# An area-optimized *N*-bit multiplication technique using *N*/2-bit multiplication algorithm

- 254 Downloads

**Part of the following topical collections:**

## Abstract

A unique design for an optimized *N*-bit multiplier is proposed and implemented which utilizes a modified divide-and-conquer technique. The conventional technique requires four *N*/2-bit multipliers to perform *N*-bit multiplication, whereas the proposed design uses only one multiplier module in hardware to perform the functionality of four modules. It uses Dadda algorithm in its multiplier module. It has been implemented using Verilog HDL, and a good accuracy of results was observed in simulations which effectively verify its functionality. Design was also synthesized on various FPGAs including Spartan 3E, Virtex-5 and Virtex-7. Performance summary, after place and route, showed that the proposed approach significantly reduces hardware utilization. Furthermore, the proposed design is almost 75% more efficient in terms of resources utilization and operating frequency as compared to the conventional design.

## Keywords

Multiplier Area efficient Divide and conquer## 1 Introduction

Multiplication is the most common, critical and widely used operation in many applications. The commonly used architectures include Baugh-Wooley and Booth multiplier. For multiplication of signed numbers, typically the Baugh-Wooley multiplier is preferred [1]. Radix-2 and Radix-4 booth multipliers were implemented in [2] for 8-bit and 16-bit multiplication. It was claimed that Radix-4 booth multiplier utilizes less resources and achieves high speed. Vedic algorithm can be used to handle complex mathematical problems and logic design [3], and it is a fast and low-power algorithm [4]. It solves numerous mathematical problems in 16 distinct ways. Researchers have also utilized Urdhva-Tiryakbhyam and Nikhilam multiplication algorithms. The former is a high-speed algorithm as the partial products are generated and added concurrently [5] while the latter one is more efficient in terms of hardware utilization [6]. An array multiplier is the simplest architecture but its drawback is its higher number of partial products as compared to the tree multipliers and hence it consumes more resources and time [7]. Wallace tree is also an advanced, pipelined, fast and highly used algorithm [8]. Xilinx also provides some tools to optimize the area, delay and power of the designed system. These tools have been realized in [9] on Dadda, Booth, Array and Wallace multipliers. They exhibited different properties in balanced, area-optimized, timing performance and power-optimized modes.

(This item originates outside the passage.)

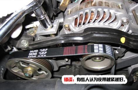有的司机认为提高风扇皮带的紧度,可以提高发动机冷却效果,因此便一个劲地提高风扇皮带的紧度。因为过紧会使轴承负荷过大,磨损加剧,功率消耗增加,同时也会使水泵轴弯曲,皮带拉长变形,寿命缩短。

In [10], a re-configurable digit-serial multiplier is proposed which used clock gating for power optimization but this work does not optimize the resource consumption of FPGA. A two-dimensional bypassing technique is used in [11] to design the multiplier, and the article focused on optimization of power consumption and delay, whereas the proposed approach presented in this article optimizes the resource consumption of FPGA. In [12], a multiplexer-based 8-bit multiplier is presented with 50 MHz frequency, whereas the proposed architecture achieves 320 MHz frequency for 16-bit multiplication. E. George Walters III presents array multipliers using six-input LUTs and shift register LUTs [13], whereas the research presented in this article presents those using four-input LUTs. The modern FPGAs have built-in multipliers in them but still the configurable multipliers using LUTs play a vital role in many applications due to their flexible size, placement and modification ability [13]. Many researchers have worked on the design of multipliers earlier, as reported in this section, but they have not explored the option of reusing the same resources using iterative methods. Some of the advanced digital signal processing (DSP) applications demand more resources. The significance of the proposed work lies in its ability to reuse its multiplier module for multiple iterations. Therefore, by reducing the resources for the multiplication process, this work allows the designer to dedicate more resources for other modules in complex applications.

It can be concluded from literature review that Dadda algorithm is the most efficient in speed [14], while array multiplier shows the longest delay. Moreover, a brief comparison of Dadda and Wallace tree multipliers, as presented in [15], concluded that the Dadda multiplier is better in terms of speed and complexity than the Wallace tree multiplier. Dadda algorithm for tree reduction is usually used for reducing the propagation delay in the addition process of partial products.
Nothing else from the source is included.